Data block:

^^^^^^^^^^^^^^^^

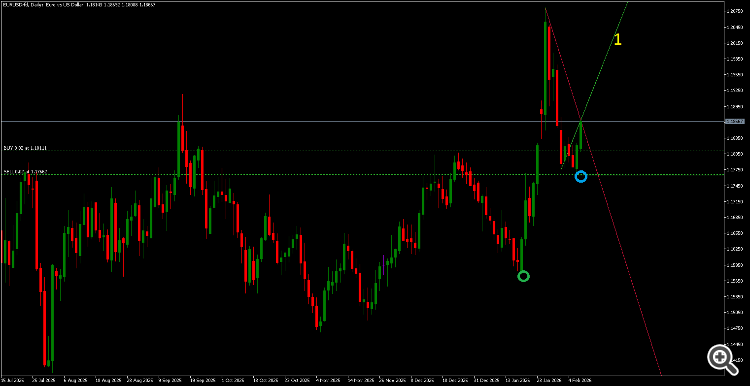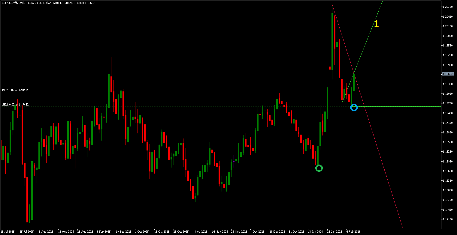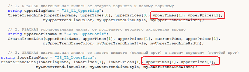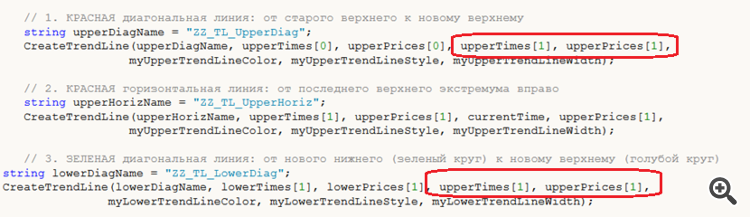 зелёную линию (под цифрой 1) поставить так, чтобы она начиналась с нижнего разворотного экстремума (зелёный круг), и проходил через следующий нижний экстремум (голубой круг)
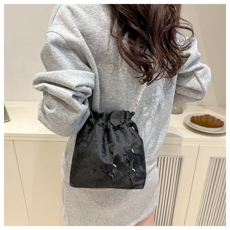 巾着 ショルダーバッグ 肩掛け 蝶々 刺繍 パールストラップ
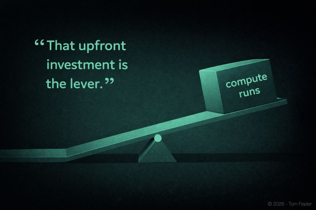 The operators getting the most out of AI agents aren't the ones moving fastest. They're the ones who spent the most time before launch defining exactly what done right looks like. That upfront investment is the lever. Everything else is just compute.
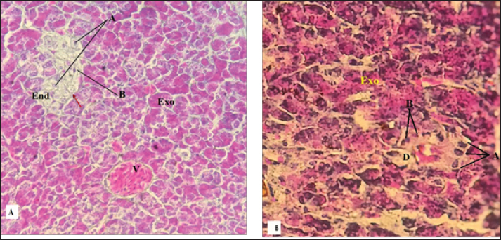 Fig. 5. Photomicroscope section of pancreas black partridge(A) and crow pancreas (B) illustrate., exocrine portion (Exo) and endocrine (Blue arrow), intralobular (I–B), duct (D), blood vessel artery (A), vein (V) (A: H & E Stain X100; B: Gomori stain X200).

^^^^^^^^^^^^^^^^

Goal of the exercise: Pictures are to be left out. Write out only the lines above starting at the one with "巾着 ショルダーバッグ 肩掛け 蝶々 刺繍 パールストラップ" and ending at the one with "The operators getting", both lines included, exactly.

Solution to this problem:
 巾着 ショルダーバッグ 肩掛け 蝶々 刺繍 パールストラップ
 The operators getting the most out of AI agents aren't the ones moving fastest. They're the ones who spent the most time before launch defining exactly what done right looks like. That upfront investment is the lever. Everything else is just compute.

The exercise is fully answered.